Asia-Pacific is rapidly reshaping the global conversation on AI in health care. As AI-driven diagnostics, drug discovery, and patient monitoring scale in this vast and diverse region, regulators are tightening data protection rules to balance innovation with trust. For life sciences businesses, understanding these developments is critical to balancing innovation with compliance and maintaining trust in a rapidly changing market.

Australia is advancing reforms to its Privacy Act, to align with global standards. The government is also piloting frameworks for cross-border health data sharing, with a focus on existing frameworks like the Therapeutic Goods Act regulating software as medical devices, and guidance emphasizing human practitioner oversight for AI use.

China regulates health care AI through a layered system of laws, including the Personal Information Protection Law, Cyber Security Law, Data Security Law, and AI-specific rules on generative AI, deep synthesis, and medical devices. These laws mandate data localization, algorithmic accountability, and the registration of high-risk systems in specified contexts.

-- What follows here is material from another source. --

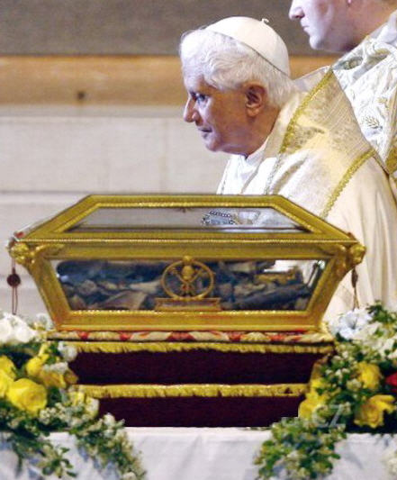 Dans le pélerinage auprès des reliques de Saint-Augustin, accompli à la fois comme théologien et comme pasteur de l'Eglise, Benoît XVI a de nouveau mis en lumière ses choix pour un service à l'Eglise et à la société, sur le modèle de Saint-Augustin en son temps, au milieu d'une crise profonde de l'empire romain d'occident. Dans da visite à Pavie, Papa Ratzinger a dit beaucoup de choses importantes pour éclairer ses ressemblances avec Augustin d'Hippone, un des plus grands Pères de l'Eglise pour la doctrine et la Sainteté. Mais il n'a pas tout dit. Ce n'est qu'en complétant le puzzle de ses plus récentes pensées sur Augustin que l'on peut comprendre la sensibilité existentielle, culturelle et pastorale qui prévalent chez Benoît XVI, quand il veut proposer à l'Occident tout entier, et en particulier à l'Europe, un retour à Dieu. Sa proposition n'est pourtant pas motivée par l'orgueil, par l'impatience des néophytes ou des fondamentalistes, mais elle se fonde sur un témoignage chrétien offert "dans un style humble, respectueux et cordial". C'est ainsi que se trouve relancée l'encyclique sur l'amour. Devant les restes du Saint évêque d'Hippone, exposées dans la basilique Saint-Pierre au Ciel d'or, à Pavie, Benoît XVI a relancé l'actualité stratégique de son encyclique-programme "Deus caritas est". Parlant de l'amour de Dieu, , le Pape l'a décrit comme le coeur de l'Evangile, le noyau central du christianisme, sans lequel tout devient superflu, sinon inutile. "Devant la tombe de Saint-Augustin, a-t'il dit, je voudrais livrer à nouveau à l'Eglise et au monde mon encyclique, qui contient ce message central de l'Evangile 'Dieu est amour'. Cette encyclique, surtout dans sa première partie, est largement débitrice de la pensée de saint-Augustin, qui était amoureux ('innamorato') de l'Amour de Dieu, et qui l'a chanté, médité, prêché, dans tous ses écrits, et surtout en a témoigné dans son ministère pastoral". Le Pape a dit ensuite que dans la continuation du Concile, et selon ses prédécesseurs immédiats, il est lui-même convaincu que "l'humanité d'aujoud'hui a besoin de ce message essentiel, incarné en Jésus-Christ: 'Dieu est amour'; tout doit partir de cela, tout doit y arriver, tout acte pastoral, toute considération théologique". Le message actuel d'Augustin à l'Eglise est celui-ci: "L'amour est l'âme vive de l'Eglise, et de son action pastorale". Et "seulement celui qui vit l'expérience personnelle de l'amour du Seigneur, est en mesure d'exercer le devoir d'accompagner les autres à la suite du Christ." Le Pape propose toute une palette de méthode, d'identité chrétienne, à l'écart de tout intégrisme et de tout "temporalisme". Il explique: "Servir le Christ est avant tout une question d'amour. Chers frères et soeurs, que votre appartenance à l'Eglise, vostre apostolat, resplendissent toujours dans la liberté de chacun, et l'adhésion sans réserve à l'amour du Christ". Pour mieux encore éclaicir cette caractéristique écclésiale, Benoît XVI en vient à formuler une définition nouvelle, une mise à jour de l'Eglise, y compris par rapport au Cathécisme de l'Eglise Catholique: "L'Eglise n'est pas la simple organisation de manifestations collectives, ni -à l'opposé- la somme d'individus qui vivent une religion privée. L'Eglise est une communauté de personnes qui croient en Dieu Jésus-Christ, et qui s'engagent à vivre dans le monde le commandement de la charité qu'il nous a laissé". S'agissant d'une communauté où l'on est "éduqués à l'amour" à travers les vicissitudes de la vie, on comprend mieux la sollicitude du Pontife à s'adresser avant tout aux jeunes, qui sont en chemin vers la maturation personnelle. Aux jeunes, en effet, revient le devoir d'annoncer la joyeuse nouvelle de l'Evangile, son message de réconciliation et de pardon. Dans son message pastoral, le pape encourage tout le monde à poursuivre "le but le plus élevé" de la vie chrétienne, qui trouve dans la charité la voie étroite de la perfection, et qui doit se traduire aussi par un mode de vie inspiré de l'Evangile, inévitablement en opposition avec les moeurs courantes, mais à témoigner toujours dans un style humble, respectueux, et cordial. Voici donc l'invitation, à partir de la tombe de Saint-Augustin: "porter dans son coeur la joie d'être disciple de l'amour".

India had its Digital Personal Data Protection Act take effect in 2025, with a phased roll-out. Compliance hinges on clear consent requirements, individual rights, and data fiduciary obligations. Aside from its Medical Device Rules on software as a medical device, there is a proposed AI (Ethics and Accountability) Bill pushing for AI innovation, as well as ethical guidelines by the Indian Council of Medical Research establishing safe and accountable practices in AI diagnostics and treatment.

Japan's AI Promotion Act (2025) promotes national AI development, and operates in tandem with its Act on the Protection of Personal Information, which saw significant updates in 2022, as well as digital health guidelines issued by its Ministry of Health, Labor and Welfare.

Singapore enacted in January 2026 a Health Information Bill for health care providers to upload patient records on to a national database. It continues to refine its Personal Data Protection Act, with sector-specific guidance for health care. For AI, the focus is on compliance with existing regulations as well as AI governance in lieu of comprehensive, standalone legislation.

South Korea passed its AI Basic Act, effective January 2026. It imposes risk management obligations on high-impact systems, including health care. The Personal Information Protection Act and Network Act continue to apply concurrently, further imposing strict incident reporting requirements.

Vietnam has a new AI Law that takes effect in stages, starting in 2026. It establishes a risk-based framework, categorizing health care AI as "high-risk," requiring strict premarket assessment and registration. The law aims to manage sensitive applications like medical diagnostics, ensuring human-centric, fair, and secure AI.

The Asia-Pacific region is entering a pivotal phase in digital health governance. For life sciences companies, APAC's regulatory diversity means multi-jurisdictional compliance strategies are essential. Organizations looking to navigate this complex landscape should consider engaging with experienced advisors to ensure compliance and unlock the full potential of AI in health care.